HTTP/1.1 401 Unauthorized
WWW-Authenticate: Bearer realm="api"
Content-Type: application/problem+json

{
  "type": "https://example.com/errors/unauthorized",
  "title": "Authentication required",
  "status": 401,
  "detail": "Send an Authorization: Bearer <token> header.",
  "documentation_url": "https://example.com/docs/auth"
}

If your auth flow is OAuth, point the agent at /.well-known/oauth-authorization-server or /.well-known/openid-configuration so it can discover the flow without guessing.

404 Not Found

The most common error and the one most often served as a generic HTML page. For API routes, return JSON. For HTML pages, send a clean human page but still set the status to 404.

For agent-friendliness, include suggestions:

{
  "type": "https://example.com/errors/not-found",
  "title": "Resource not found",
  "status": 404,
  "detail": "No customer with ID cust_xyz123.",
  "suggestions": [
    "Check the ID for typos.",
    "Use GET /customers to list available customer IDs."
  ]
}

The HTML 404 page should still be the helpful version: link to the homepage, the most useful sections, and a contact path. AgentScan ships a structured 404 like this; see the not found page for the live example.

Importantly: do not return 200 with a "page not found" message. That confuses agents and search crawlers. Set the status correctly.

429 Rate Limit

The most failure-prone refusal type in 2026. Three rules.

1. Set Retry-After

Always. Either as seconds or as an HTTP date.

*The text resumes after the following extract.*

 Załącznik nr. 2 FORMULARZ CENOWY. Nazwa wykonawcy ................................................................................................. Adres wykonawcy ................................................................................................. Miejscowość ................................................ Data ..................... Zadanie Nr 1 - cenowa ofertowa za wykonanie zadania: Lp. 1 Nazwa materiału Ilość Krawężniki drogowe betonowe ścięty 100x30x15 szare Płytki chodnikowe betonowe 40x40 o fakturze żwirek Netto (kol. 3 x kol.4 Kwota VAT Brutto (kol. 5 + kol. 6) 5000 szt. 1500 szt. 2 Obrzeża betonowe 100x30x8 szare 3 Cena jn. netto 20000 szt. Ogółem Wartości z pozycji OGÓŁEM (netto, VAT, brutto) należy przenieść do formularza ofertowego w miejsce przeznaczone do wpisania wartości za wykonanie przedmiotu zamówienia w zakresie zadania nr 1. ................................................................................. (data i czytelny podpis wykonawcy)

HTTP/1.1 429 Too Many Requests
Retry-After: 30
Content-Type: application/problem+json

Without it, agents retry immediately and your problem compounds.

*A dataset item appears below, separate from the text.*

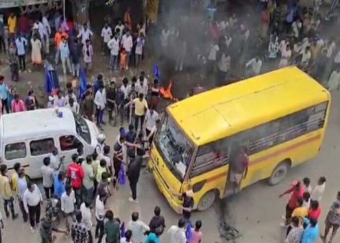 ಶಾಲಾ ಬಸ್ಸನ್ನು ನೋಡಿದ ಕೂಡಲೇ ಸುತ್ತುವರೆದ ಪ್ರತಿಭಟನಾಕಾರರು ಚಕ್ರದ ಅಡಿಗೆ ಬೆಂಕಿ ಹಚ್ಚಲು ಮುಂದಾಗಿದ್ದಾರೆ. ಕೂಡಲೇ ಪೊಲೀಸರು ಮಧ್ಯಪ್ರವೇಶಿಸಿ ಬೆಂಕಿಯನ್ನು ತೆಗೆದಿದ್ದಾರೆ. ಪ್ರತಿಭಟನಾಕಾರರು ಚಕ್ರದ ಅಡಿಗೆ ಬೆಂಕಿ ಹಾಕುತ್ತಿರುವ ವಿಡಿಯೋ ಈಗ ಸಾಮಾಜಿಕ ಜಾಲತಾಣದಲ್ಲಿ ವೈರಲ್ ಆಗಿದೆ.

2. Set the rate limit headers

RateLimit-Limit: 60
RateLimit-Remaining: 0
RateLimit-Reset: 30

The widely deployed RateLimit-* fields from the earlier IETF RateLimit header drafts are increasingly read by SDKs and agents. Add them when your stack supports them.

3. Distinguish per-key, per-IP, and global limits in the body

Agents handle this differently:

  • Per-key: agent should pause and resume with the same key after Retry-After.
  • Per-IP: agent should consider switching IP or pausing.
  • Global: agent should stop entirely.
{
  "type": "https://example.com/errors/rate-limited",
  "title": "Rate limited",
  "status": 429,
  "detail": "Exceeded 60 requests per minute on this API key.",
  "scope": "api_key",
  "retry_after_seconds": 30
}

5xx errors

Server errors should also use Problem Details. Agents handle them differently than client errors. Two practices:

  • Include a request_id so users can quote it when they contact support.
  • Avoid leaking stack traces. Some agents will surface the full error to the user.
{
  "type": "https://example.com/errors/internal",
  "title": "Internal server error",
  "status": 500,
  "detail": "Unexpected error processing the request.",
  "request_id": "req_2026_05_25_xy12"
}

For Next.js App Router, this is the kind of payload that should come from your error.tsx or global-error.tsx for HTML pages, and from your route handlers for API responses.

A summary table

StatusResponse style
401JSON Problem Details + WWW-Authenticate header
403JSON Problem Details explaining who is denied and why
404Status 404 + helpful HTML for browsers, JSON for APIs
429Retry-After header + RateLimit-\* headers + Problem Details
5xxGeneric Problem Details + request ID, never leak stack

The HTML and JSON variants share the same status code; only the response body differs based on Accept.

Markdown negotiation for errors

If your site supports markdown content negotiation, apply the same logic to error pages. An agent that asked for text/markdown and hit a 404 should get a markdown body, not a stripped HTML page.

A quick proxy.ts pattern:

if (acceptsMarkdown(request)) {
  return new Response("# Not found\n\nThe page you requested does not exist.", {
    status: 404,
    headers: { "content-type": "text/markdown" },
  });
}

Why this matters

Error pages are the most common pages an agent ever sees on a site that goes deep. Polished error responses cost almost nothing and prevent the worst-case retry storm scenarios. They also leave a better impression on the human watching the agent fail.

If you build a single thing this quarter, build a Problem Details layer that handles 401, 403, 404, 429, and 500 with consistent shapes. Every agent on the agentic web will treat your site better for it.